▶ [Action item]:
Only the lines below from the one with "11. Using a" through the one with "This pattern is" are to be written out, exactly and without any images.

▶ [Given records]:
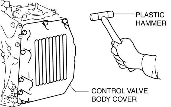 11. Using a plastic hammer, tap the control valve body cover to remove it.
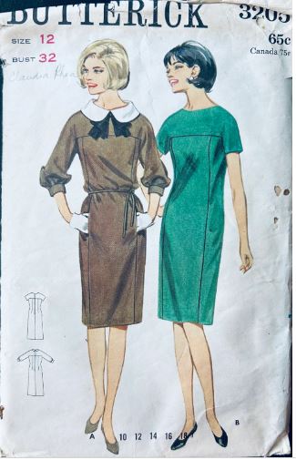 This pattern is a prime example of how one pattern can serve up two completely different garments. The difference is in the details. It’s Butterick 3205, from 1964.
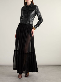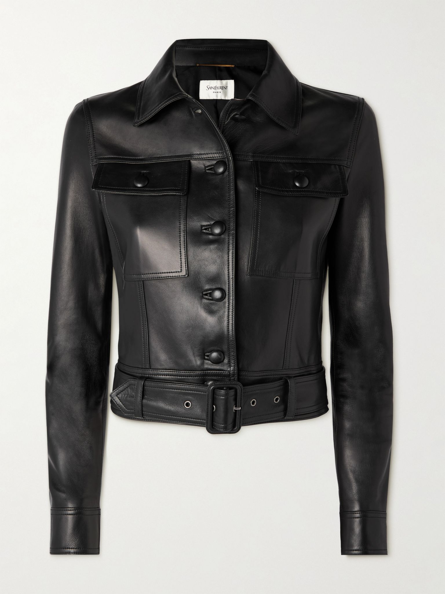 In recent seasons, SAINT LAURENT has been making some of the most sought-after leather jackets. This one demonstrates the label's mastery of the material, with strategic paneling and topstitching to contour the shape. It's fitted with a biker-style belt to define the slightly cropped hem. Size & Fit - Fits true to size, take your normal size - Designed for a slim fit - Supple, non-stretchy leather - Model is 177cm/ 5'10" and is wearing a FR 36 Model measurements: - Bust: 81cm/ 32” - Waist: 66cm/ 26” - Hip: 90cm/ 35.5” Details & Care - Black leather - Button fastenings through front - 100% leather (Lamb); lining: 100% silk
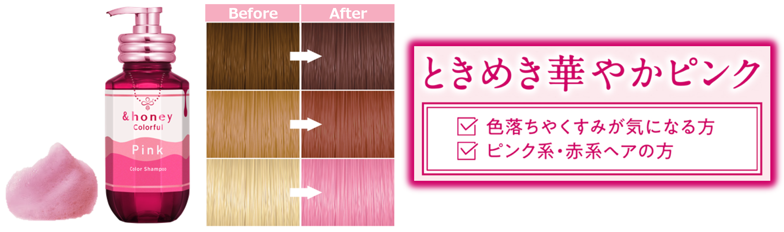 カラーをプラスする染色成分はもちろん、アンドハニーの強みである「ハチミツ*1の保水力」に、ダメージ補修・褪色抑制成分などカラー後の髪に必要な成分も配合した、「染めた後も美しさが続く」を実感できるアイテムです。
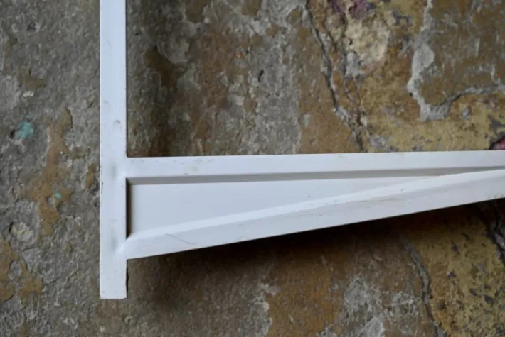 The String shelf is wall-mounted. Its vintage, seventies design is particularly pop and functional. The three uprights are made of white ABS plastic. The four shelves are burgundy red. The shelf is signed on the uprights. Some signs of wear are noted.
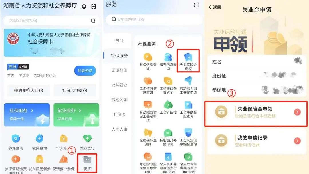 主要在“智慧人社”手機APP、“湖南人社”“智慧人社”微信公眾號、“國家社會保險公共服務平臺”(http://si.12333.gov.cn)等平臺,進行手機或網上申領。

---

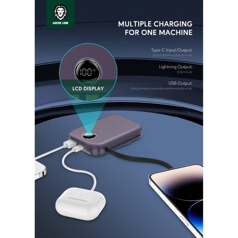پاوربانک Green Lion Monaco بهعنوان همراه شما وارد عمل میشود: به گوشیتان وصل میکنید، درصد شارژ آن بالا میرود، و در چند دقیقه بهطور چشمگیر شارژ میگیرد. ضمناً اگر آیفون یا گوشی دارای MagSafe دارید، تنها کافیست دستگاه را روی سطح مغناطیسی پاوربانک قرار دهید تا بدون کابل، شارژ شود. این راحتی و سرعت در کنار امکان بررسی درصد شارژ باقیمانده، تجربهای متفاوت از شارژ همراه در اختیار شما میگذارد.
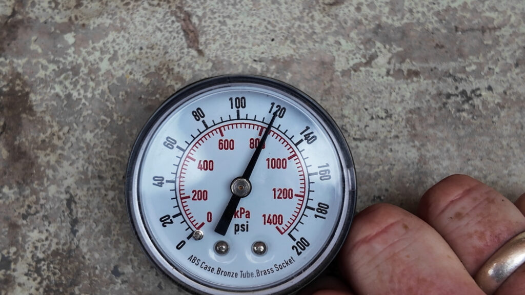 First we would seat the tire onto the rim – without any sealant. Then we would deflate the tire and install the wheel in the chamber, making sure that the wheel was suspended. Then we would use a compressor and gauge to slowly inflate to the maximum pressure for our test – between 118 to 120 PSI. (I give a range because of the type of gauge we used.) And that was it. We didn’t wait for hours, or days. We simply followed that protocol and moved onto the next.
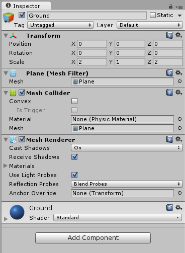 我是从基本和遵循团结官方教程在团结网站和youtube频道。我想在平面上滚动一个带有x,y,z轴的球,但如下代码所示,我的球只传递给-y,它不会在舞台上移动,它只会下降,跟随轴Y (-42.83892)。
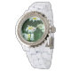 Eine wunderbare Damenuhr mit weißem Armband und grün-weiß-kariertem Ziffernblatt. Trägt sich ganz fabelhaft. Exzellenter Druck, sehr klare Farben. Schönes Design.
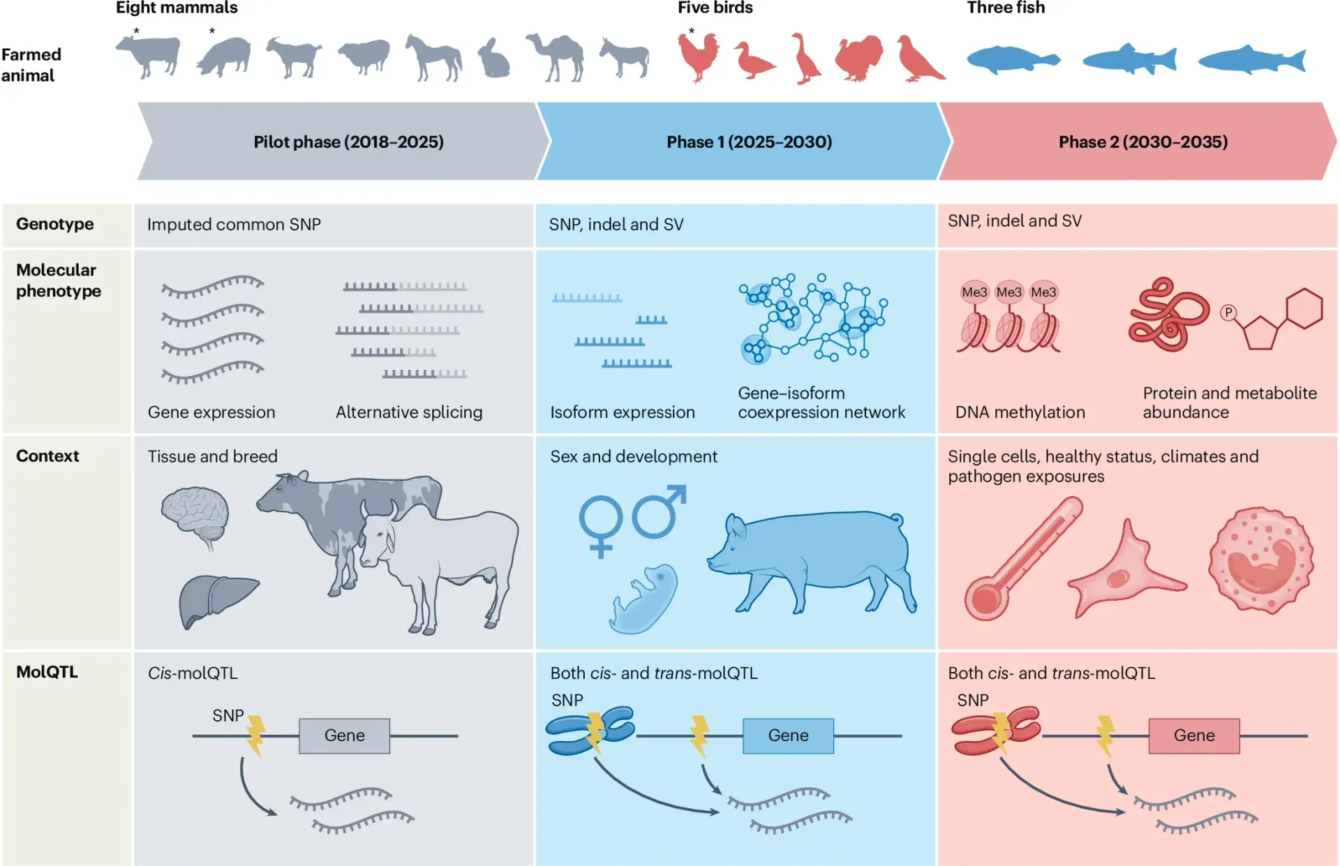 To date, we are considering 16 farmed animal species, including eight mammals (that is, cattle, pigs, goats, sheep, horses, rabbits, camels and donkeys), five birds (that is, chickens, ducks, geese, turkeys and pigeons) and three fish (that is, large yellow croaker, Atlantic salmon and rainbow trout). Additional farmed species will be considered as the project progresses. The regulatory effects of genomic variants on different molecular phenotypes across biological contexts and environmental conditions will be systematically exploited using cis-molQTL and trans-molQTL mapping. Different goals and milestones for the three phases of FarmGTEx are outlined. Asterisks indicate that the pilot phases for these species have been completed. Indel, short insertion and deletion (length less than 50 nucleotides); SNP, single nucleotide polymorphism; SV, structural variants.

▶ [Result of this task]:
 11. Using a plastic hammer, tap the control valve body cover to remove it.
 This pattern is a prime example of how one pattern can serve up two completely different garments. The difference is in the details. It’s Butterick 3205, from 1964.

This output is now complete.